Figure 5: FFT Transform of the Output Voltage Signal.

We were able to identify that the noise has a frequency of approximately 0.2069Hz. You can see this by comparison with the sine wave of that frequency in figure 6.

Figure 7: Output Voltage Signal (Orange) and Sine Wave of Frequency 0.2069Hz (Blue).

Having identified the frequency of our noise we set out to filter it out. There are a number of different software filtering strategies. We investigated smoothing using various moving average algorithms and the related butterworth filter to create a software band stop or high pass filter.

Figure 8: Results of using a moving average (top) and butterworth filter (bottom) on our voltage signal. Noise still remains.

We also tried using alternative sampling frequencies, those higher than the noise frequency to see if this had any effect but due to the frequency being variable were unable to remove the noise sufficiently.

Figure 9: Signal (Blue) and decimated signal (orange) showing that noise remains.

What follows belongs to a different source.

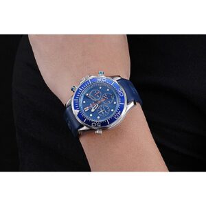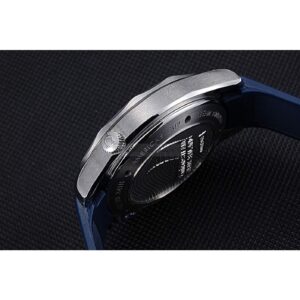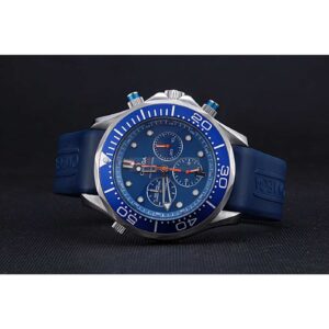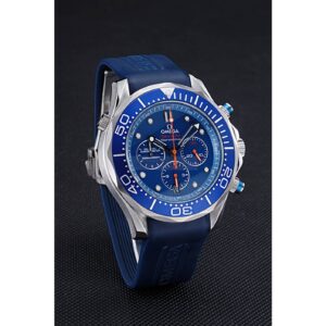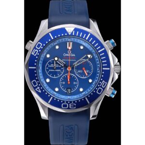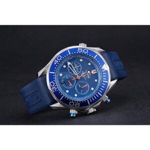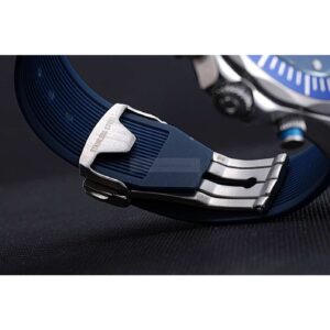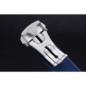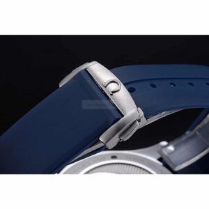 Omega heat embossed blue rubber strap with Omega logo engraved fold-in brushed stainless steel push-release hook clasp |

Finally, we set out to identify the source of the noise itself in the hope that this would allow us to eliminate it. After conducting some research, we thought that one culprit could be the USB power source for our Arduino board. This is a source of noise as the reference voltage used by the Arduino to measure the voltage on the analog pins is the same as the power source. Thus, if the power source voltage varies then the reference voltage also changes as does the derived measurements. In our first attempt at rectifying this we switched the analog reference voltage from the power supply to the on-board 1V reference which should be less noisy. Unfortunately, this did not solve the issue.

The alternative would be to use an alternative 5V power source such as a USB battery pack. However, in our current scheme we were using USB serial as a way of reporting the light intensity so it is unavoidable that we would have the USB power plugged in. Given more time we may have been able to adapt the system to use an alternative power source and also use USB serial or some alternative reporting mechanism but we were unable to do so in the time we had available.